Sgt. Derek Green, a spokesman for the BPD, said in an email that “Burbank Police will still focus on education first and provide advisals to any business not complying. If further action is warranted, the City License and Code, Police Department and L.A. County Public Health Department will work together to address any issues.”
He did not respond to a followup email asking if Lepejian’s account was accurate.
The local Chamber of Commerce and City Council have expressed concern for restaurants languishing under closure orders, with the latter group unanimously voting Tuesday to urge the county Board of Supervisors to reconsider its ban on outdoor dining.
According to a staff report submitted to the City Council, local restaurants surveyed after the county ban went into effect in late November reported at least a 60% reduction in business over the Thanksgiving holiday, claiming losses that ranged from $10,000 to $865,000. All of the businesses surveyed said they had to lay off workers or cut employees’ hours.
Because the state’s health order supersedes the county’s, Burbank’s move is mostly symbolic. A lawsuit against L.A. County succeeded this week, with a judge finding that the public health department had insufficient evidence for the order’s efficacy and did not conduct “an appropriate risk-benefit analysis,” prohibiting it from extending the order beyond Wednesday, Dec. 16. Council members also argued that the surge in COVID-19 cases is due to private gatherings, not outdoor dining.

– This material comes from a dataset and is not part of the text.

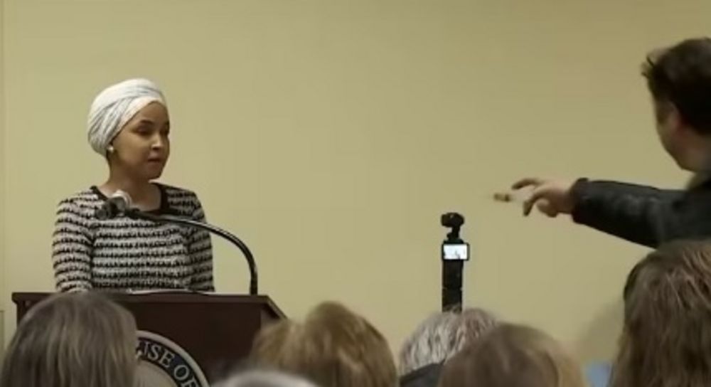 Omar varð sproytað í andlitið við sproytu undir einum veljarafundi í Minneapolis.

“We’re asking to be part of this conversation, and we’re asking that we just don’t get hit over the head,” Councilwoman Emily Gabel-Luddy said Tuesday, suggesting that the county allow exceptions for some cities.
The California health order banning in-person dining and restricting retail capacity after intensive care unit capacities fall below 15% will last until at least Dec. 27 in Southern California.
Lepejian admitted that, if officials “put their money where their mouth is” and offered some financial assistance to businesses unable to offer inperson services, they would have more credibility. But he still argued that he would have eventually opened up his restaurant, though he acknowledges that some might not be comfortable with going outside during the pandemic.
Lucas Lepejian, Baret’s 20-year-old son who helps run Tinhorn Flats, admitted that he is a bit worried about the county or city cracking down on the restaurant for reopening, but said there is little left to lose.
“We want everyone and all restaurants to join us,” he added. “It’s a personal and business thing at this point.”